Directions for this task ::
The answer must be only the lines below from the one holding "就連千層派上頭也有糖粉撒出的LOGO" down to the one holding "- You’ll receive", ends included, printed exactly; please omit all pictures.

Task inputs ::

◆ ◆ ◆

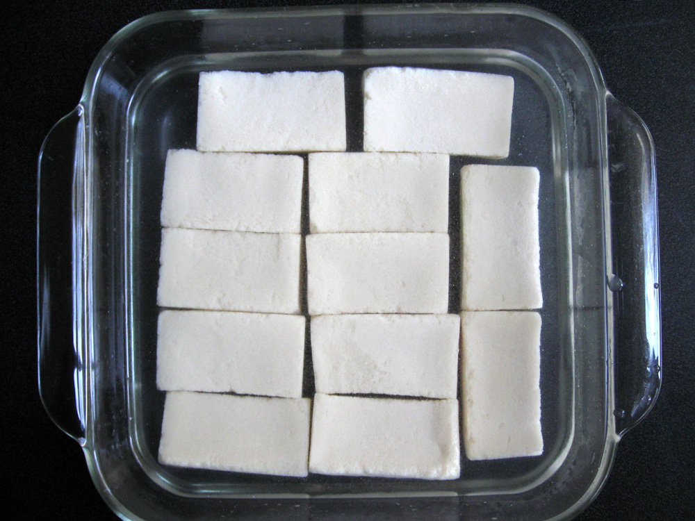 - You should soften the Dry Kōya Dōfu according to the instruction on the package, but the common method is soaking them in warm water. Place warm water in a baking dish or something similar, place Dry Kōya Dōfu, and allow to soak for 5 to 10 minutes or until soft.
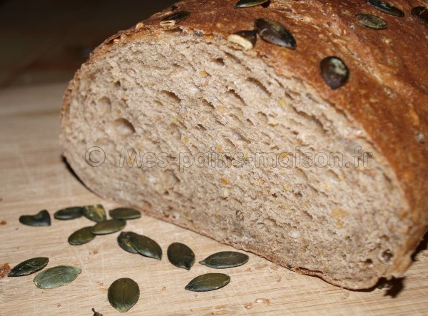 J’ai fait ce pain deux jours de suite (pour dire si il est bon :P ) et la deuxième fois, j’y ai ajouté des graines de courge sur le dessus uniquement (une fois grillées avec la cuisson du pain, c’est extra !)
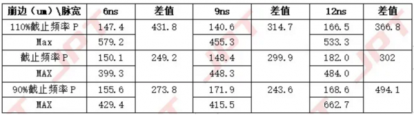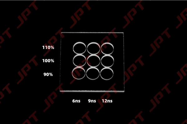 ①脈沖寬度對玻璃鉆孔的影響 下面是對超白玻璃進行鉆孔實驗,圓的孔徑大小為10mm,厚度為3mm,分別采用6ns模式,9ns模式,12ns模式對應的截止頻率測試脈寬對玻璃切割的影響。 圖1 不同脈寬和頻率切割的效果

◆ ◆ ◆

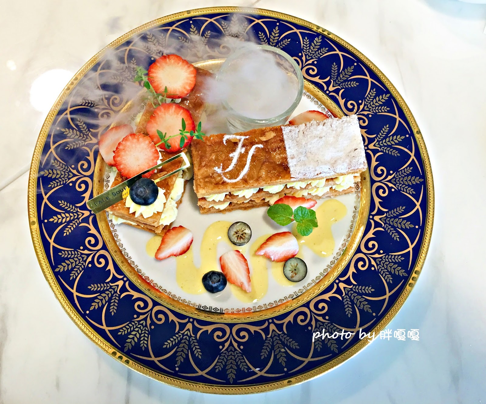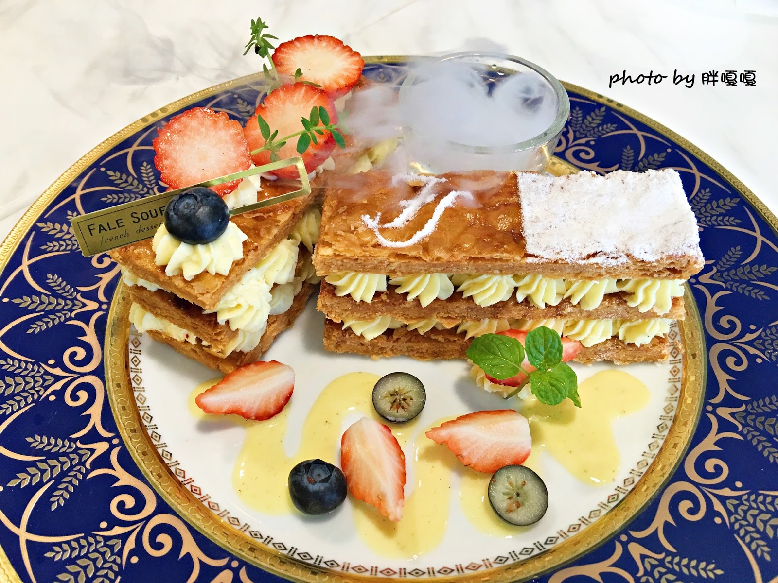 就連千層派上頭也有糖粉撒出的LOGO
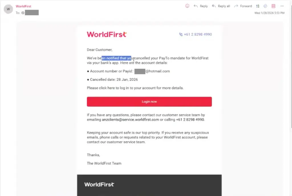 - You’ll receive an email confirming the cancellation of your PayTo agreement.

◆ ◆ ◆

Exercise response ::
 就連千層派上頭也有糖粉撒出的LOGO
 - You’ll receive an email confirming the cancellation of your PayTo agreement.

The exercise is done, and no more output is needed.